### WHAT TO WORK ON
Which lines of the entries below include "Bewohner"? List them all.

### DATASET EXCERPTS
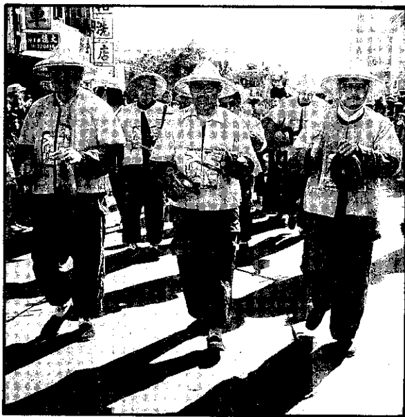
紅甲吹(小樂隊)引導
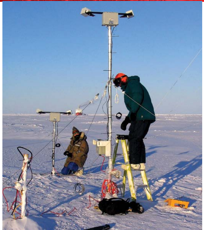
Station d'essais arctique.

Le Programme d'aide à la recherche industrielle du Conseil national de recherches du Canada fournit des services-conseils d'ordre technique adaptés aux besoins des entreprises et, dans certains cas, un soutien financier pour aider à la croissance de PME canadiennes.
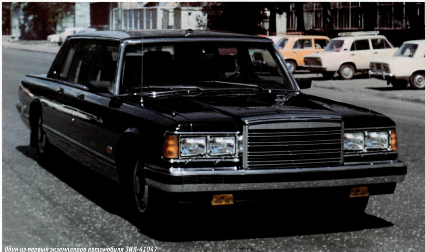
Один из первых экземпляров автомобиля ЗИЛ-41047

В 1988 году гидромеханическая передача (ГМП), унаследованная «сорок седьмым» от своего предшественника ЗИЛ-41045, подверглась модернизации: была изменена конструкция муфты свободного хода и нескольких прилегающих деталей, что увеличило надежность узла. Обновленному агрегату присвоили индекс «4105-01». ЗИЛ-41047 получил 16-дюймовые колеса и еще более широкую (245 мм) «резину». Шины особой марки «Гранит» имели конструкцию, позволявшую двигаться при «разгерметизированном» колесе, что достигалось за счет очень жестких боковин покрышки и находящегося внутри специального геля. Такая шина способна выдерживать до семи пулевых попаданий.
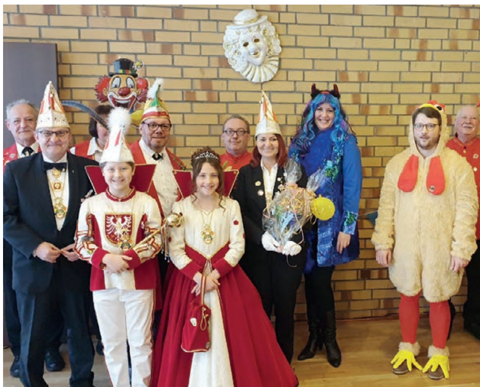
Der Karnevalsverein „Pierrette“ brachte sein humoristisches Programm zu unseren Bewohner*innen ins Haus Saalburg

Vier Wochen später wurde speziell im Demenzbereich noch einmal gefeiert. Hier boten die Mitarbeiter*innen der sozialen Betreuung ein vielfältiges Programm für unsere Bewohner*innen und die Stimmung war ausgelassen und fröhlich. So kann es gerne im nächsten Jahr weiter gehen. ●
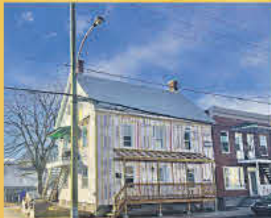
269 500$ Sorel-Tracy

Duplex de 4 1/2 vacant en plein centre-ville. Près de tous les services dont restaurants, hôpital et transport en commun. Vente et occupation rapides. Revêtement de la toiture refait en 2013. Bienvenue aux investisseurs et propriétaires occupants.
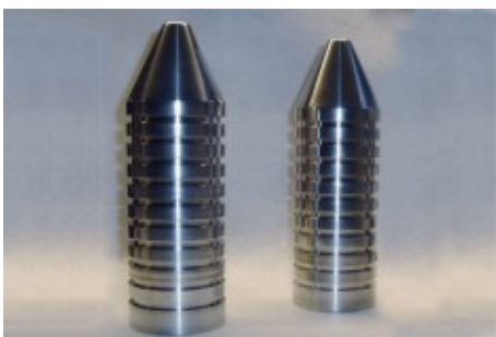
Protektoren für die Schräglenkerachse. Material Aluminium.
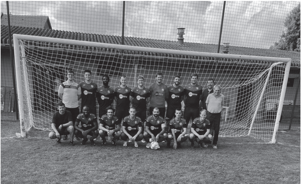
Eerste ploeg van Kalfort Daghet in het nieuwe seizoen.

Door de vertraging bij de bouw van het nieuwe voetbalgebouw en de slechte toestand van een plein in sportpark De
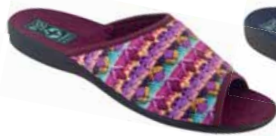
80 art. 25604 FI/CZ
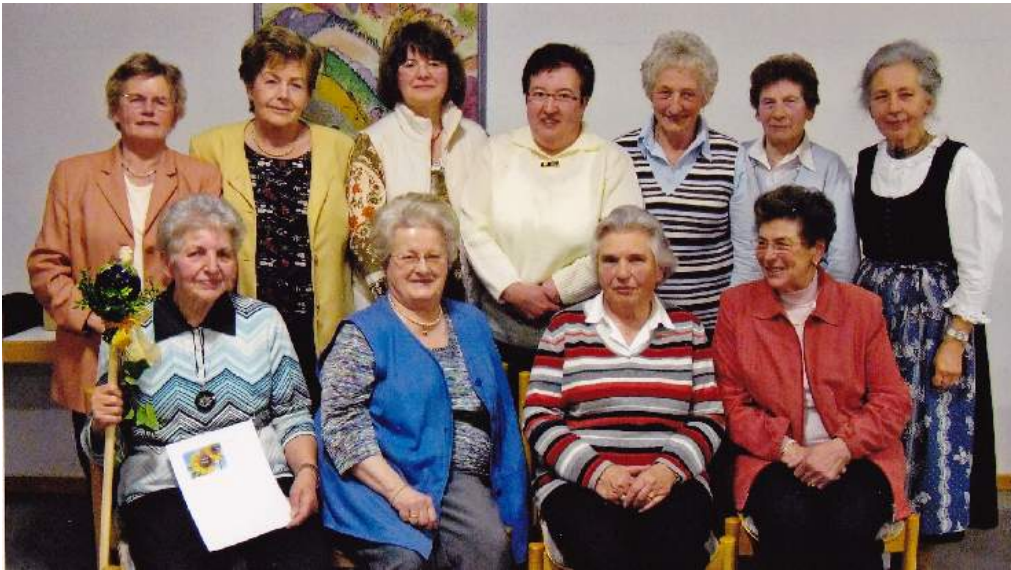
Bild: Vorstand des Neustifter Frauenbundes nach der Neuwahl am 7.4.2008

Der Katholische Deutsche Frauenbund in der Pfarrei Neustift wurde 1971 gegründet und kann somit in diesem Jahr sein 40-jähriges Jubiläum feiern.
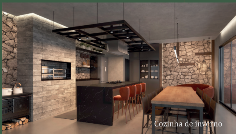
Cozinha de inverno
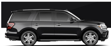
アガットブラックメタリック
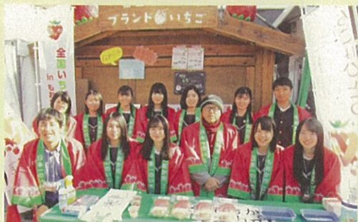
ヨコハマストロベリーフェスティバルへの出店
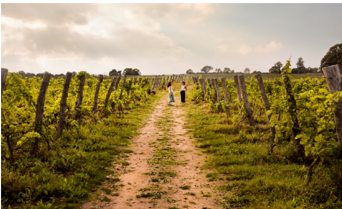
Le domaine viticole d'Arild, sur la péninsule de Kullaberg. Photo: Apelöga ( Télécharger )

L'objectif ? Faire découvrir la nature environnante tout en initiant les participants à la production viticole locale. Plusieurs arrêts de dégustation sont prévus tout au long du parcours avec dîner festif en fin de journée. Des forfaits incluant une nuit sur place sont proposés et peuvent se réserver auprès des hôtels participants, comme le vignoble d'Arild et le Grand Hotel Mölle . Une occasion simple et ludique de découvrir l'une des régions viticoles suédoises en plein essor, même en hiver.
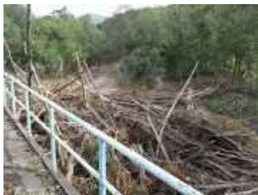
【倒木・電柱折損・電線切断】 函館線 大沼～長万部 約200本の倒木処理中 電線接続中
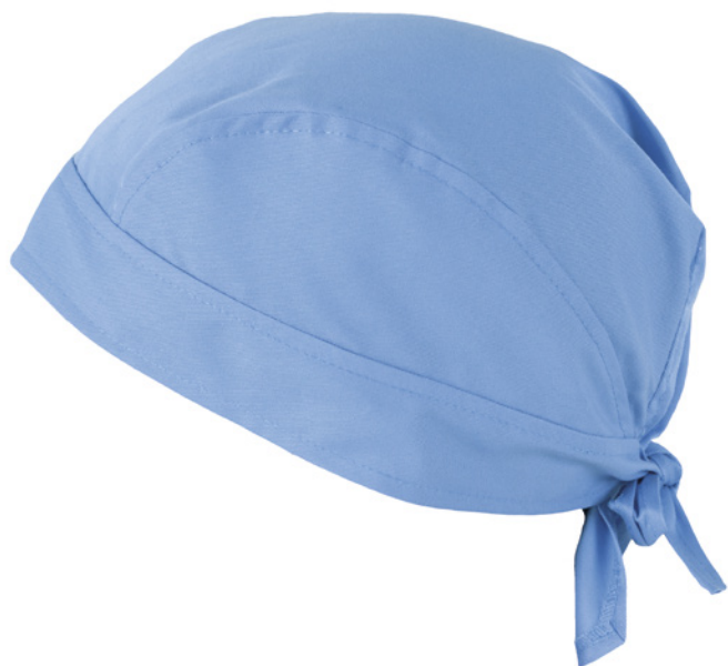
M18 Light blue
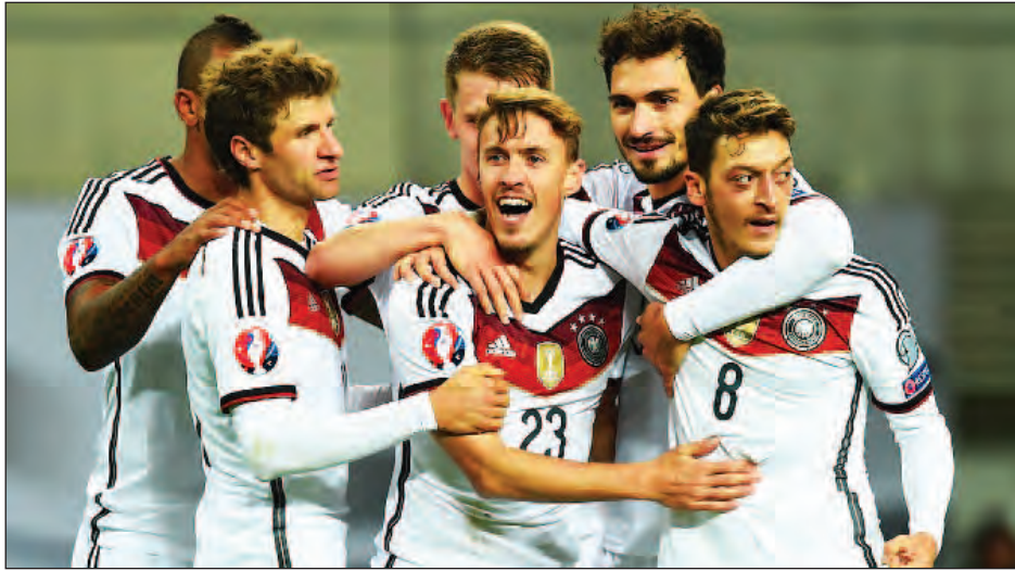
တန်ကြေးအကြီးဆုံး ယူရို-၂၀၁၆ ပြိုင်ပွဲဝင်အသင်းများ

ပူပူနွေးနွေး ကမ္ဘာ့ချန်ပီယံဂျာမနီနဲ့ ယူရိုဖလား နှစ်ကြိမ်ဆက် ချန်ပီယံစပိန်တို့ဟာ တန်ဖိုးအမြင့်မားဆုံး ကစားသမားစာရင်းကို ထိပ်ဆုံးက ဦးဆောင်နေတာ သိပ်ဆန်းကြယ်တဲ့ကိစ္စမဟုတ်ပေမယ့် မကြာသေးခင်ကမှ ကမ္ဘာ့ဘောလုံးစင်မြင့်ထက်ကို တက်လှမ်းလာခဲ့တဲ့ ဘယ်လ်ဂျီယံအသင်းက ဘောလုံးအင်အားကြီးတွေဖြစ်တဲ့ ပြင်သစ်၊ ဂျာမနီ၊ အီတလီအသင်းတွေကို ကျော်ဖြတ်ပြီး တတိယနေရာမှာ ရပ်တည်နိုင်တာကတော့ အနည်းငယ် ထူးခြားတယ်လို့ ယူဆရမှာ ဖြစ်ပါတယ်။ တန်ဖိုးအနည်းဆုံး အသင်းတွေကတော့ ဟန်ဂေရီ၊ မြောက်အိုင်ယာလန်နဲ့ အယ်လ်ဘေးနီးယားအသင်းတို့ ဖြစ်ကြပါတယ်။
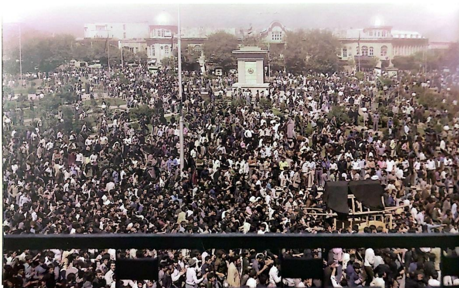
تشییع جنازه آیت‌الله آخوند ملاعلی معصومی همدانی، شهریور ۱۳۵۷ (استعدادی، ۱۳۹۳، ص. ۲۰۹)

### FINISHED EXERCISE
Der Karnevalsverein „Pierrette“ brachte sein humoristisches Programm zu unseren Bewohner*innen ins Haus Saalburg
Vier Wochen später wurde speziell im Demenzbereich noch einmal gefeiert. Hier boten die Mitarbeiter*innen der sozialen Betreuung ein vielfältiges Programm für unsere Bewohner*innen und die Stimmung war ausgelassen und fröhlich. So kann es gerne im nächsten Jahr weiter gehen. ●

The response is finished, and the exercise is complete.